### Exercise instructions
Reproduce the records precisely. Omit every picture.

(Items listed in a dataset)
====

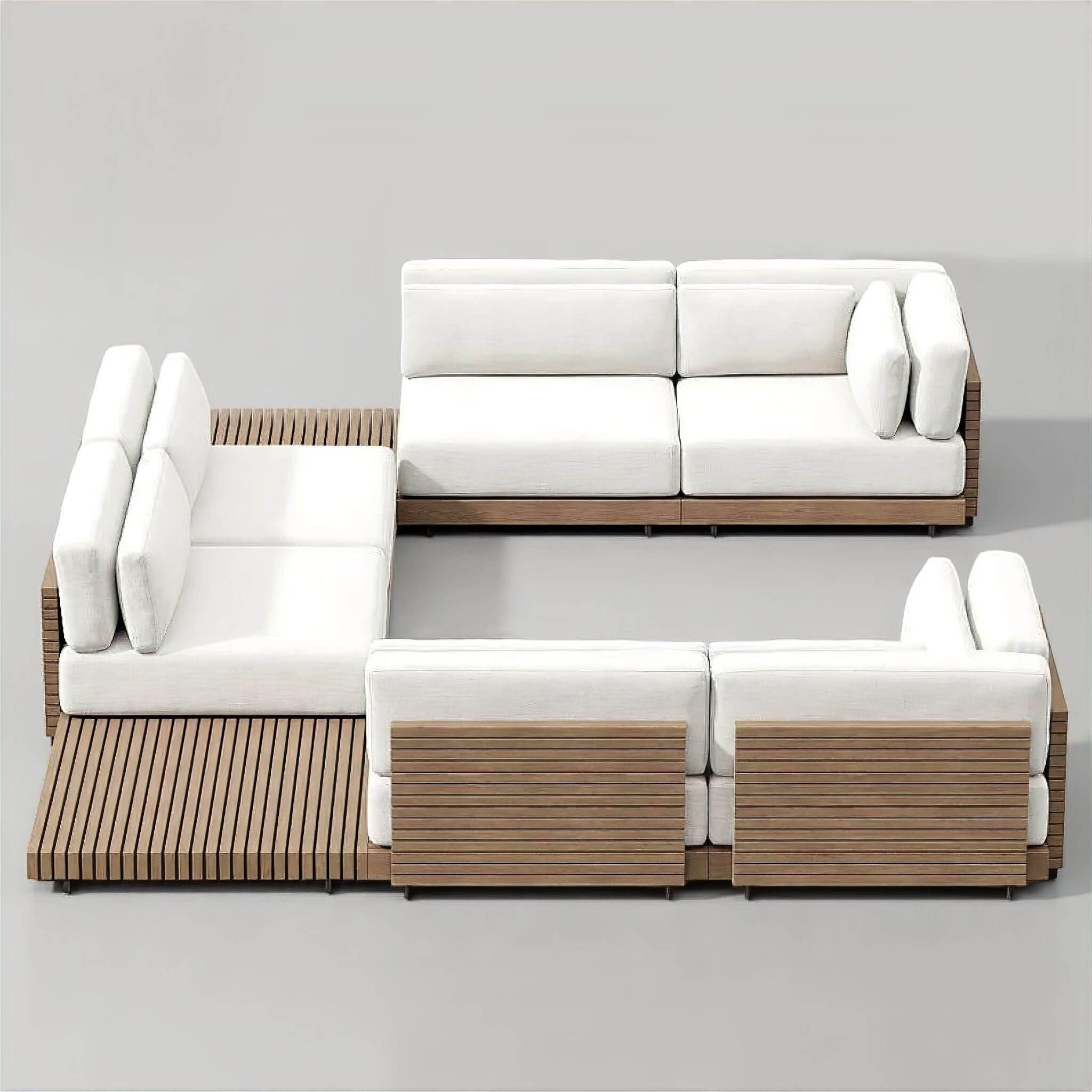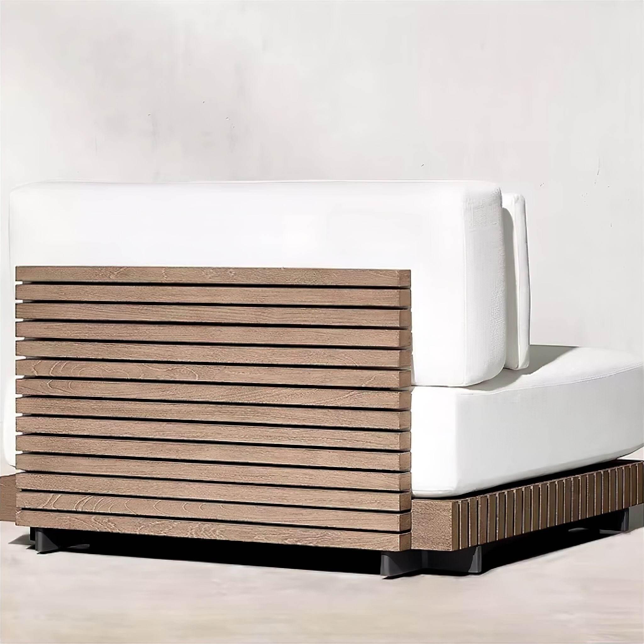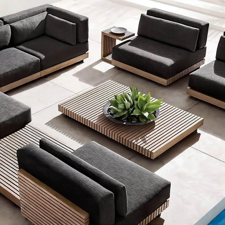 The Hortense Outdoor Furniture Collection features a striking blend of white and black tones, delivering a contemporary and refined look that enhances any patio or outdoor space. Crafted from high-quality aged teak timber, known for its durability and beauty over an impressive history of more than 70 years, this collection is designed to stand the test of time while adding elegance to your surroundings.
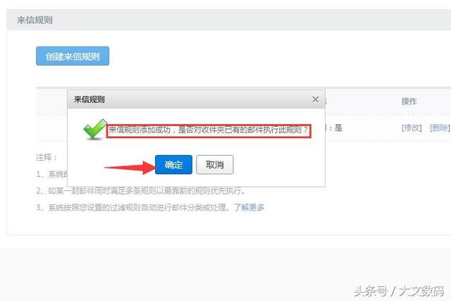 创建好来信规则后,会提示是否对收件夹已有邮件执行此规则,这里进行 确定,
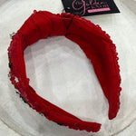 This red knot headband is a dazzling and spirited accessory that combines glamour with a playful touch of sportsmanship. Its bold red color exudes energy and confidence, making it a statement piece for any occasion.
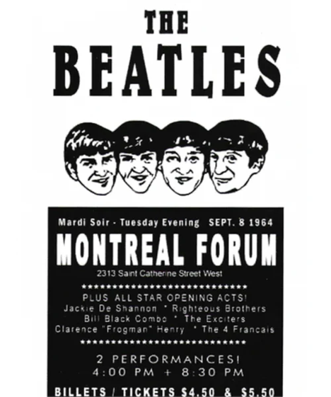In 1964, Les 4 Français achieved a historic milestone when they became the only Canadian band ever to open for The Beatles, performing the opening set at the Montréal Forum on September 8, 1964, in front of 21,000 fans. The Beatles only visited Montréal once, and Les 4 Français were part of that legendary night. Later that same year, on October 29, 1964, they also opened for The Dave Clark Five at the Forum, further cementing their role in the British Invasion era.
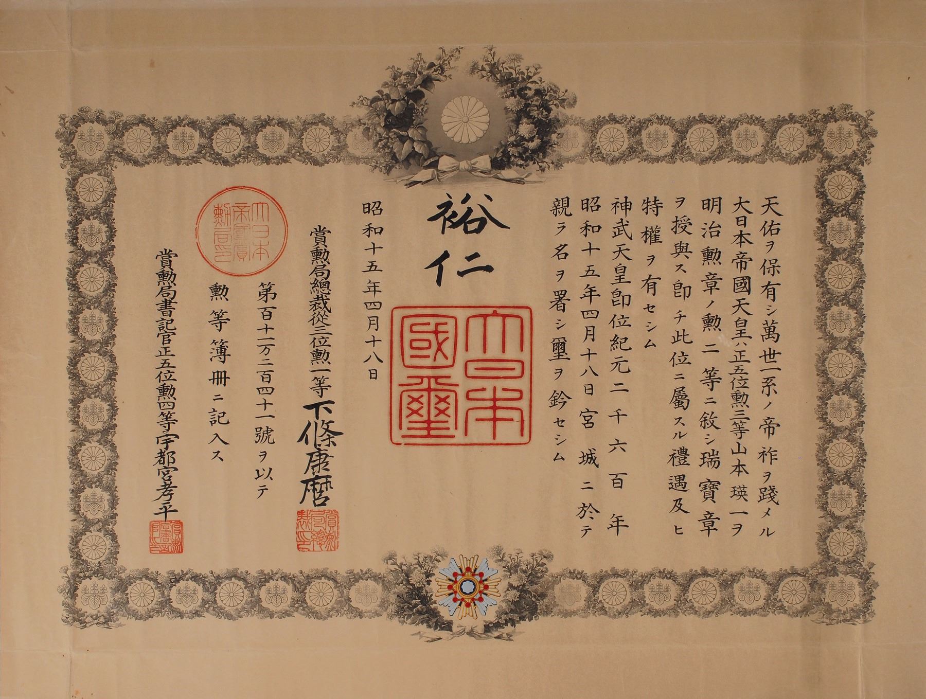 Established as the Order of the Meiji in 1888 by Hirohito's grandfather, the Order of the Sacred Treasure is awarded to those who have made distinguished achievements in a wide variety of civil or military services, ranging from research fields, to social work, to state and local government. These documents, by which the emperor himself honors a citizen, become a part of the recipient's family legacy and do not often leave Japan. A vibrant and highly sought-after piece, signed by the emperor just five months before Japan would sign the Axis Pact with Germany and Italy.
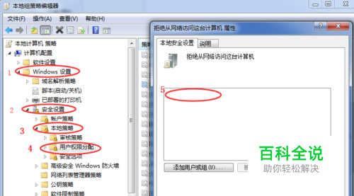 依次点击 ‘’所有程序-附件-运行‘’输入gpedit.msc后确认。 按照图片上的顺序完成对第5处上的‘guest’的删除。
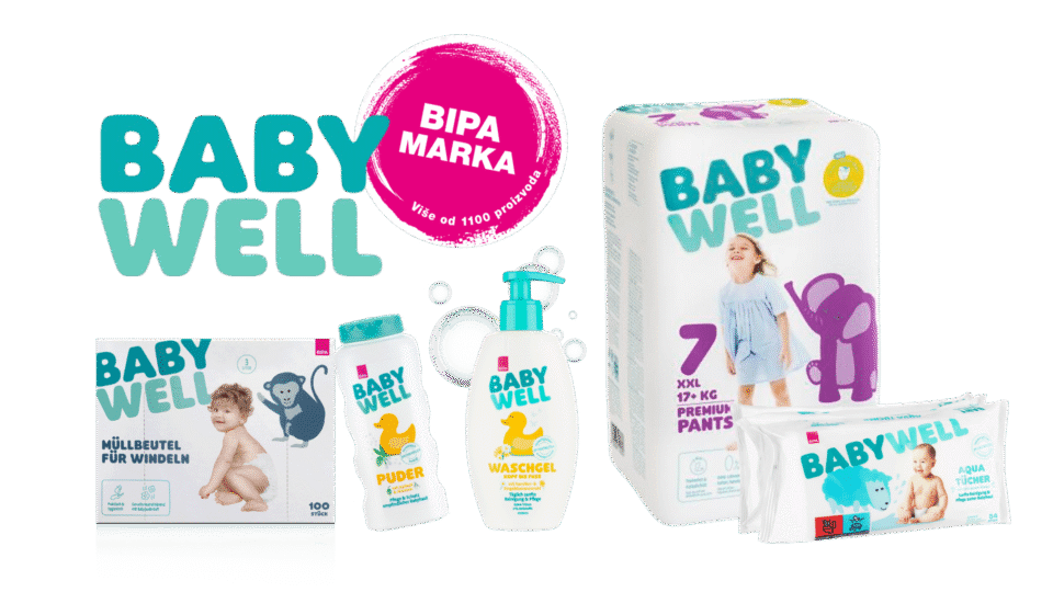 Koža vaše bebe još je uvijek vrlo osjetljiva i potrebna joj je kvalitetna njega. BIPA marka – BABYWELL proizvodi za njegu prilagođeni su u potpunosti njihovim potrebama – posebno su blagi, strogo kontrolirani, bez sastojaka na bazi mineralnih ulja i bez hormonski aktivnih dodataka. Bilo da se radi o vrhunskim pelenama ili praktičnim svakodnevnim dodacima – uz BABYWELL ćete pronaći sve što vašoj bebi treba.
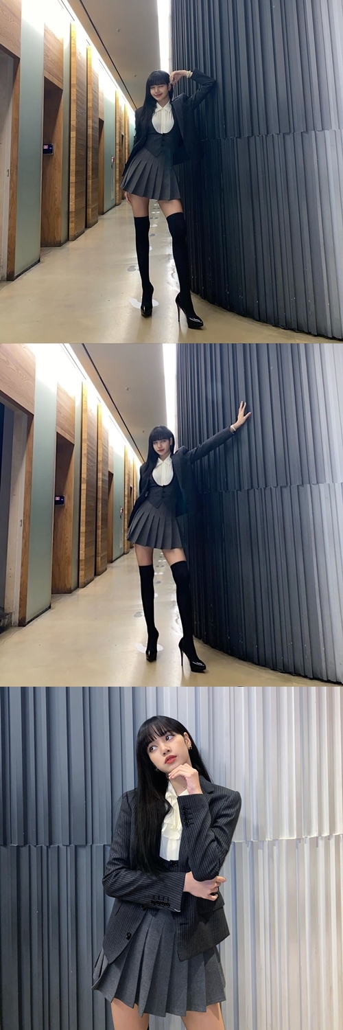 リサならではのスタイルの良さには、とくに注目が集まった。写真の中のリサは、ミニスカートとジャケットを合わせたモノトーンコーディネートを完成させ、赤リップを強調したメイクで格別なオーラを放っている。
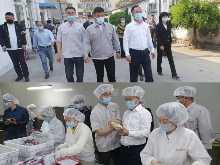 张士兆一行就公司发展规划、出口创汇,市场销售、以及落实常态化疫情防控措施等情况,听取了公司领导的汇报,并深入生产加工车间参观考察。
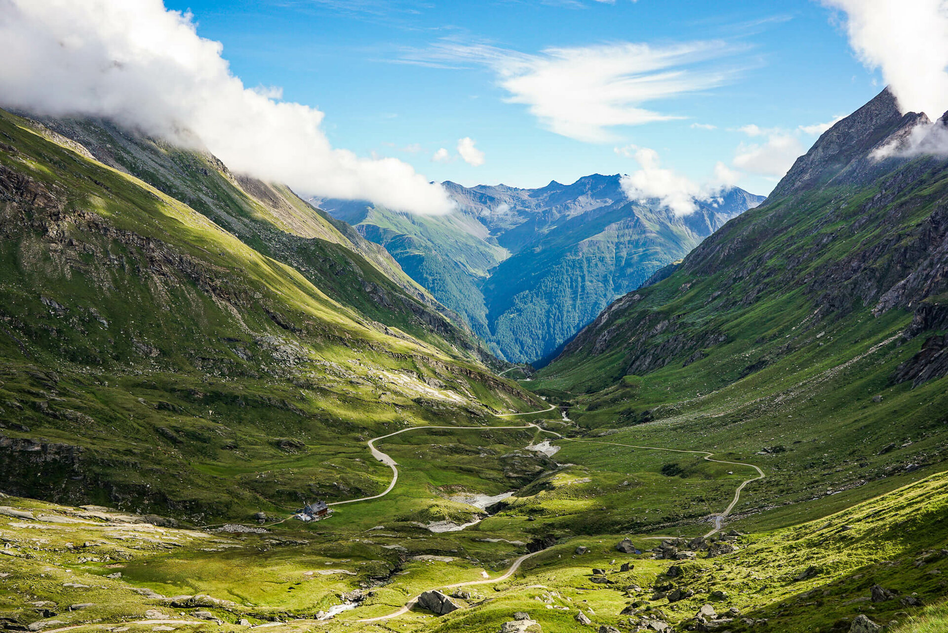 Nach einer Nacht unterm Großglockner – näher als auf der Stüdlhütte kommt man seiner Majestät auf dem Adlerweg nicht mehr – führt die Route ab jetzt vorwiegend in Richtung Süden. Über den Johann-Stüdl-Weg überwindet man die Pfortscharte und winkt kurz, mit Blick auf die Salmhütte, nach Kärnten hinüber. Weiter geht es auf dem Luckner Weg zur stattlichen Glorer Hütte am Berger Törl, danach abwärts durch das wiesenreiche Tal des Bergerbachs. Schließlich erreicht man das sonnig gelegene Lucknerhaus. Hier endet der Adlerweg, die Kalser Glocknerstraße schlängelt sich von dort abwärts. Aber zuerst einmal rasten, sich stärken und ausgiebig das schöne Gefühl genießen, am Ziel zu sein!
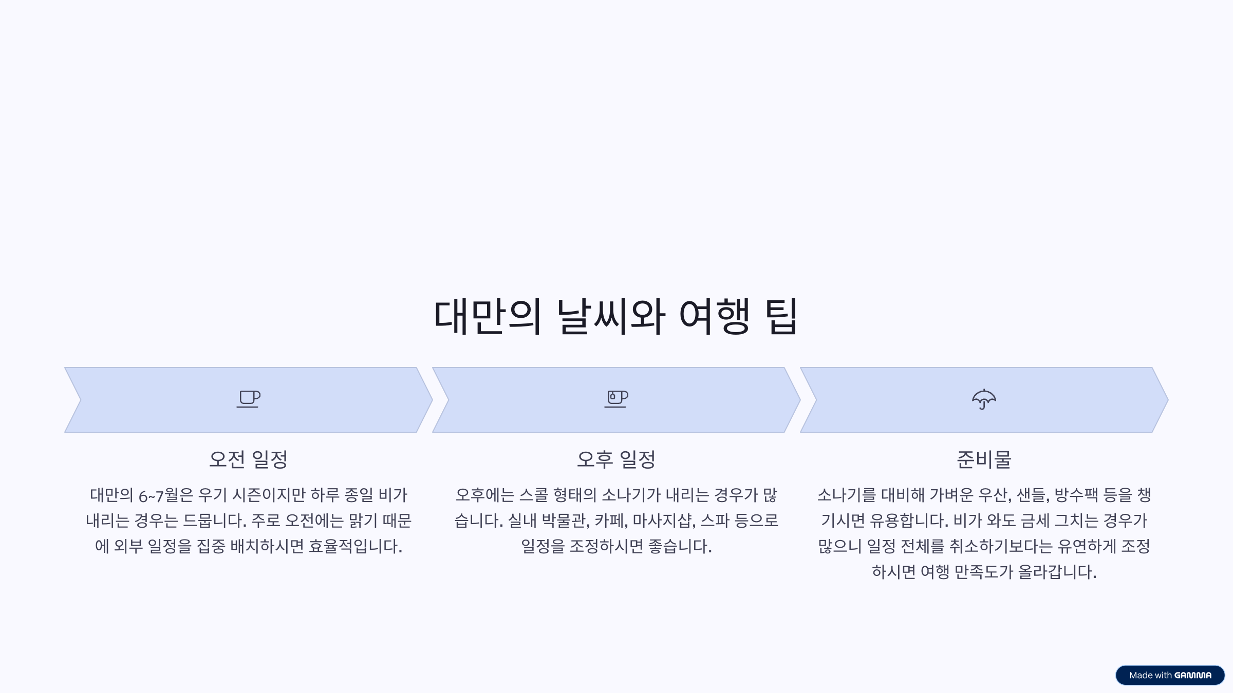비가 와도 금세 그치는 경우가 많으니 일정 전체를 취소하기보다는 유연하게 조정하시면 여행 만족도가 올라갑니다.
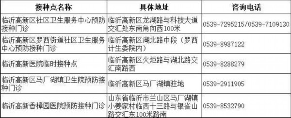臨沂高新區(qū)新冠病毒疫苗接種點(diǎn)信息

====

### Solution below
 The Hortense Outdoor Furniture Collection features a striking blend of white and black tones, delivering a contemporary and refined look that enhances any patio or outdoor space. Crafted from high-quality aged teak timber, known for its durability and beauty over an impressive history of more than 70 years, this collection is designed to stand the test of time while adding elegance to your surroundings.
 创建好来信规则后,会提示是否对收件夹已有邮件执行此规则,这里进行 确定,
 This red knot headband is a dazzling and spirited accessory that combines glamour with a playful touch of sportsmanship. Its bold red color exudes energy and confidence, making it a statement piece for any occasion.
In 1964, Les 4 Français achieved a historic milestone when they became the only Canadian band ever to open for The Beatles, performing the opening set at the Montréal Forum on September 8, 1964, in front of 21,000 fans. The Beatles only visited Montréal once, and Les 4 Français were part of that legendary night. Later that same year, on October 29, 1964, they also opened for The Dave Clark Five at the Forum, further cementing their role in the British Invasion era.
 Established as the Order of the Meiji in 1888 by Hirohito's grandfather, the Order of the Sacred Treasure is awarded to those who have made distinguished achievements in a wide variety of civil or military services, ranging from research fields, to social work, to state and local government. These documents, by which the emperor himself honors a citizen, become a part of the recipient's family legacy and do not often leave Japan. A vibrant and highly sought-after piece, signed by the emperor just five months before Japan would sign the Axis Pact with Germany and Italy.
 依次点击 ‘’所有程序-附件-运行‘’输入gpedit.msc后确认。 按照图片上的顺序完成对第5处上的‘guest’的删除。
 Koža vaše bebe još je uvijek vrlo osjetljiva i potrebna joj je kvalitetna njega. BIPA marka – BABYWELL proizvodi za njegu prilagođeni su u potpunosti njihovim potrebama – posebno su blagi, strogo kontrolirani, bez sastojaka na bazi mineralnih ulja i bez hormonski aktivnih dodataka. Bilo da se radi o vrhunskim pelenama ili praktičnim svakodnevnim dodacima – uz BABYWELL ćete pronaći sve što vašoj bebi treba.
 リサならではのスタイルの良さには、とくに注目が集まった。写真の中のリサは、ミニスカートとジャケットを合わせたモノトーンコーディネートを完成させ、赤リップを強調したメイクで格別なオーラを放っている。
 张士兆一行就公司发展规划、出口创汇,市场销售、以及落实常态化疫情防控措施等情况,听取了公司领导的汇报,并深入生产加工车间参观考察。
 Nach einer Nacht unterm Großglockner – näher als auf der Stüdlhütte kommt man seiner Majestät auf dem Adlerweg nicht mehr – führt die Route ab jetzt vorwiegend in Richtung Süden. Über den Johann-Stüdl-Weg überwindet man die Pfortscharte und winkt kurz, mit Blick auf die Salmhütte, nach Kärnten hinüber. Weiter geht es auf dem Luckner Weg zur stattlichen Glorer Hütte am Berger Törl, danach abwärts durch das wiesenreiche Tal des Bergerbachs. Schließlich erreicht man das sonnig gelegene Lucknerhaus. Hier endet der Adlerweg, die Kalser Glocknerstraße schlängelt sich von dort abwärts. Aber zuerst einmal rasten, sich stärken und ausgiebig das schöne Gefühl genießen, am Ziel zu sein!
비가 와도 금세 그치는 경우가 많으니 일정 전체를 취소하기보다는 유연하게 조정하시면 여행 만족도가 올라갑니다.
臨沂高新區(qū)新冠病毒疫苗接種點(diǎn)信息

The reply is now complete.